On this overcast day of no wind and no fog, the earth has slowed its breakneck spinning to a crawl. Inside the house, the girls are silent as usual. Lately it seems only their bodies belie their presence—the shuffle of bare feet, the hiss of hair and fabric. She calls them now, leads them outside, shows them the water.

 

“See?” She points. For the first time the water, usually cloudy and a green so dark that it’s a color without a name, is perfectly clear.
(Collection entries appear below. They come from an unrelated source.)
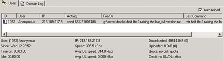 При необходимости можно воспользоваться опцией слежения за пользователем (Spy on user). С ее помощью можно полностью проследить «движение» пользователя по FTP-серверу, просмотренные и скачанные файлы, а также суммирующий трафик. Функция слежения работает исключительно по IP-адресу и текущей сессии, следующая сессия этого пользователя уже не будет отображаться в меню просмотра.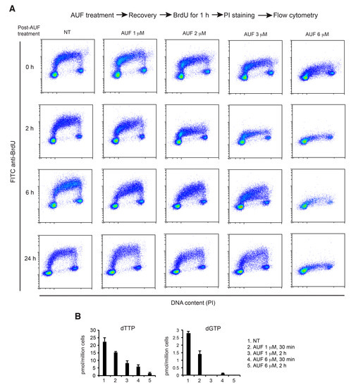 Effect of AUF on BrdU incorporation and on intracellular dTTP and dGTP levels. (A) MDA-MB-231 cells, non-treated (NT) or treated with 1, 2, 3, or 6 µM AUF for 1 h, were released in fresh medium. At 4 time points of post-treatment recovery (0, 2, 6, 24 h), these cells were labeled with BrdU for 1 h followed by PI staining and flow cytometry analysis. Representative graphs of three experiments are shown. (B) Intracellular dTTP and dGTP in MDA-MB-231 cells treated under indicated conditions. Bar graphs show mean ± SD of two independent experiments.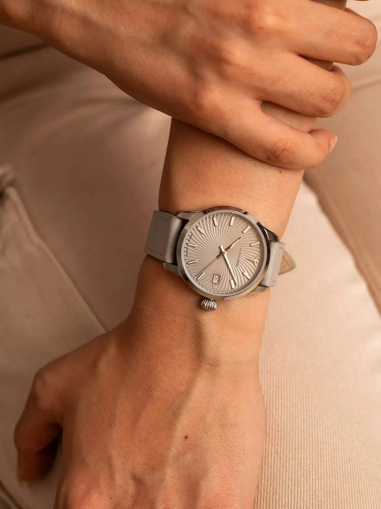 Pouzdro hodinek Junkers Victoria 970.02.08 je vyrobeno z ušlechtilé oceli a hodinky na ruce drží díky koženému řemínku šedé barvy se stříbrnou trnovou sponou.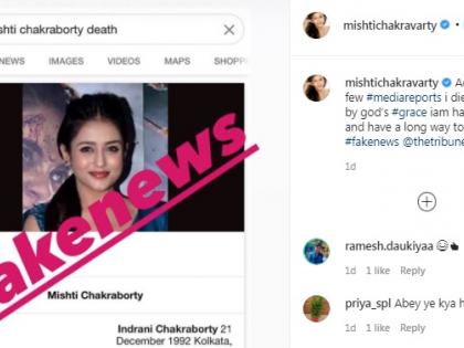 एका फेक मॅसेजचा स्क्रिनशॉट शेअर करत तिने लिहिले, ‘काही मीडिया रिपोर्टनुसार, माझे आज निधन झाले. परंतु परमेश्वराच्या कृपेने मी जिवंत आहे आणि अगदी ठणठणीत आहे. मला खूप पुढे जायचे आहे मित्रांनो,’ असे मिष्टी चक्रवर्तीने लिहिले.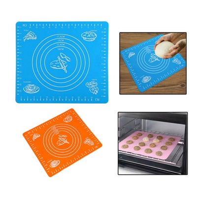 Baking mat, made from food grade silicone material.Size is 10.2x11.4"inch. Lightweight and easliy washable. Imprinted measuring scale help you control the dough's size precisely before you put it into the baking oven. The non stick pastry mat will not make your dough sticky. It is much easy to roll out the dough, pie, pizza, crust, brand, homemade biscuits and cookie dough. A countertop protector that stays put and sticks perfectly to your worktop. Welcome your logo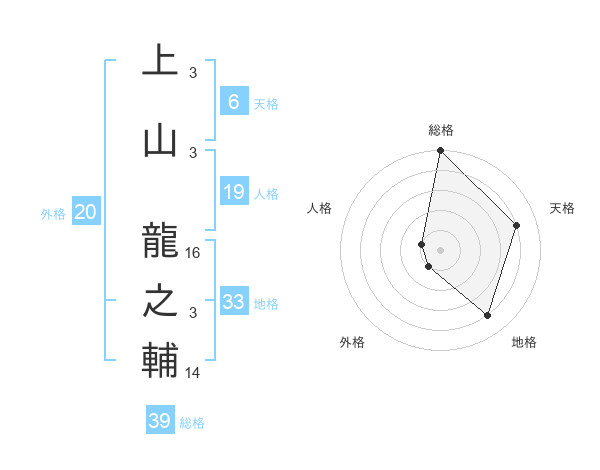 上山 龍之輔さんを姓名の画数から五運を鑑定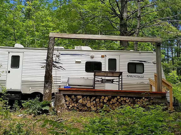 2009 Springdale by keystone. Two large slide outs,sleeps 6. Full bed in rear with two bunks. Tub/shower. Tv,Ac,heat,microwave,3 burner stove with oven. Small open floor plan Cabin with loft. Has grandfathered rebuilding rights. Cabin also has power that is connected to camper with 30amp service. Both camper and cabin sit on (1000ft of water front) with a waterfall into large pool. New 10'x10' deck on camper. Also 8x10 deck over the stream.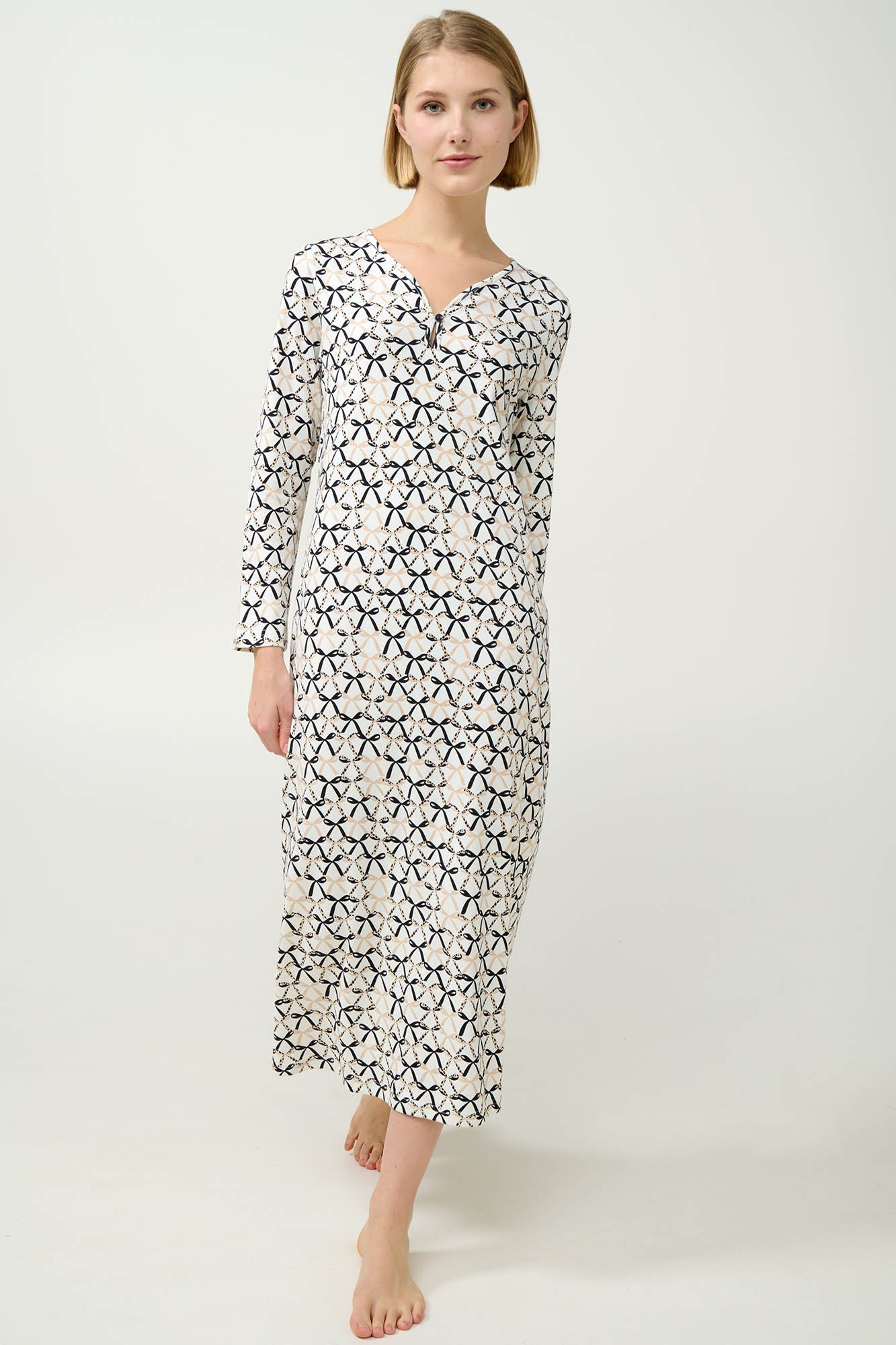 - Μακρύ καφτάνι βισκόζης σε μοναδικό εκρού χρώμα με σχέδιο.
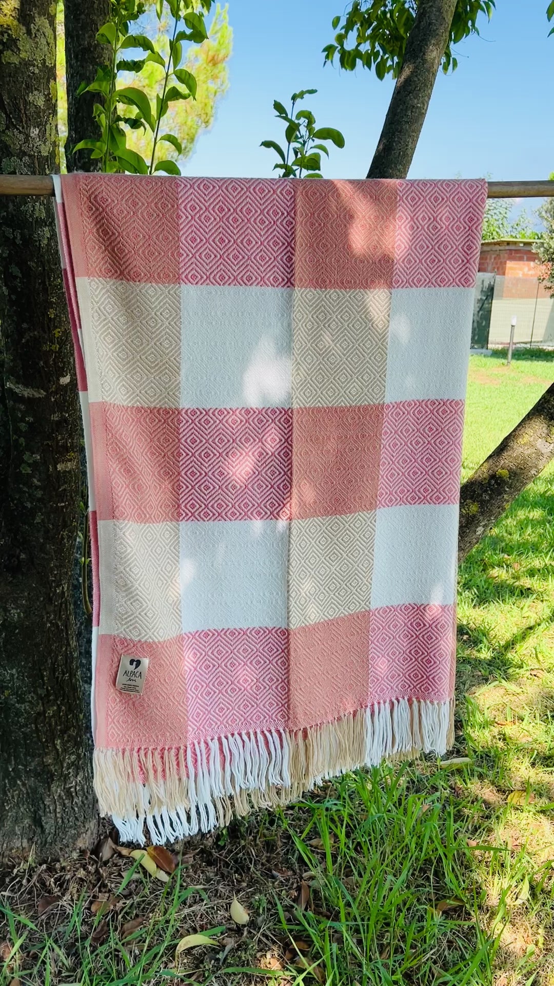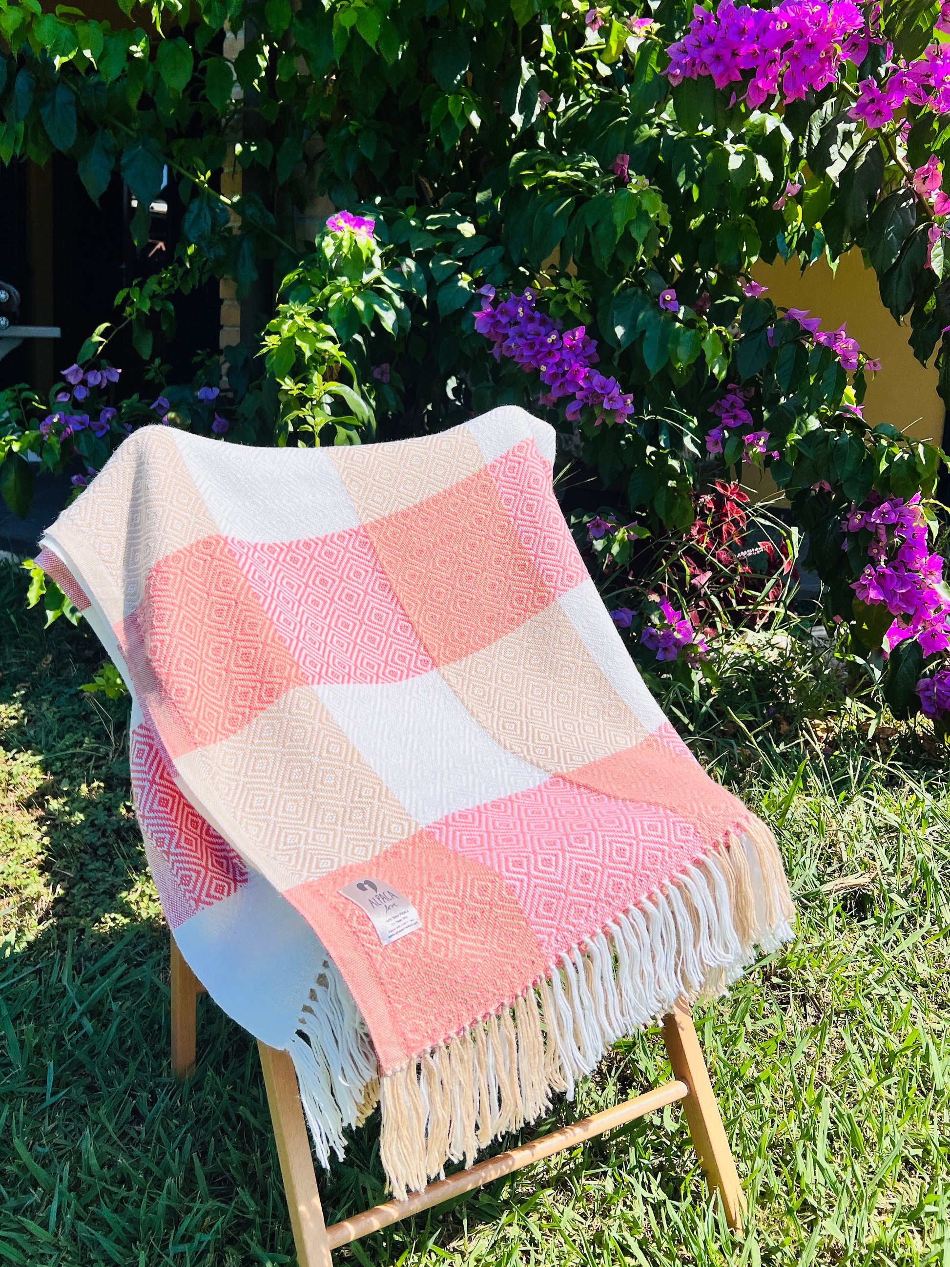 Abgebildet ist unsere wunderschöne Alpaka Decke in coral, weiß und beige aus 100% Baby Alpaka Wolle.

They can all see it. Past the snails that are close to the shore, past the reedy legs of the wood stork, past the coral rocks and sandy beds of the bluegills, they can all see the dark, see the place where the bottom has given way. It is there that two eyes shimmer at the edge of darkness and rows of teeth as wide as trees, as sharp as razor grass, open and close slowly, and yet the surface of the water is undisturbed, still as death.

 

“This is here,” she tells them. “Even when the wind blows across the surface and makes glittering waves and swirling eddies and whips your hair across your face and rustles leaves so that all you hear is that seductive call to shhhhh. Even when the sky is bare of clouds, a blue so blue, it penetrates the murk, fools you into seeing some other color. Even when the water is so still and the sun is so bright, you can gaze down and see yourself and the sky together. Even when you are smiling down at your own pretty face and at your very own cloudless sky. Even then.”

 

She tells them, “Beware.” The girls nod solemnly, and they all go inside. But it’s much later, when the night has come and the winds returned and the earth has gone back to its delirious spin, that she hears them.

 

They are laughing, giggling, just as they once did and always seemed to do. And yet their laughter is different, and that difference stops her, hands suspended over the fish she has just fileted. She listens, her fingertips on the delicate feather of spine and ribs the knife has exposed.

 

“Now it’s my turn,” the younger of the two cries out. “You sit here, lie across the floor, and I’ll crawl to you.” And in a moment, there is a roar followed by a scream.

 

“I am caught, I am being pulled under, there’s no saving me.” The girls’ cries are filled not with terror or sadness but with ecstasy, pure delight.

 

She takes a deep breath, tries to calm down, tells herself there’s time before the water gets too close, before it sinks down into the earth, undermines the ground beneath them, swallows everything up in one satisfied gulp. But before she can stop herself, she is pounding on the door to the room the two girls share.

 

The girls go quiet, but she can’t help herself. She is shouting, telling them it’s much too late for screaming or laughing or playing of any sort, crying out that the time for all of that is over, and all that is left for them to do now is go to sleep, even though it is early still, even though she must still cook their dinner and watch them eat the fish she prepared, urging them with each bite to take care not to swallow any bones.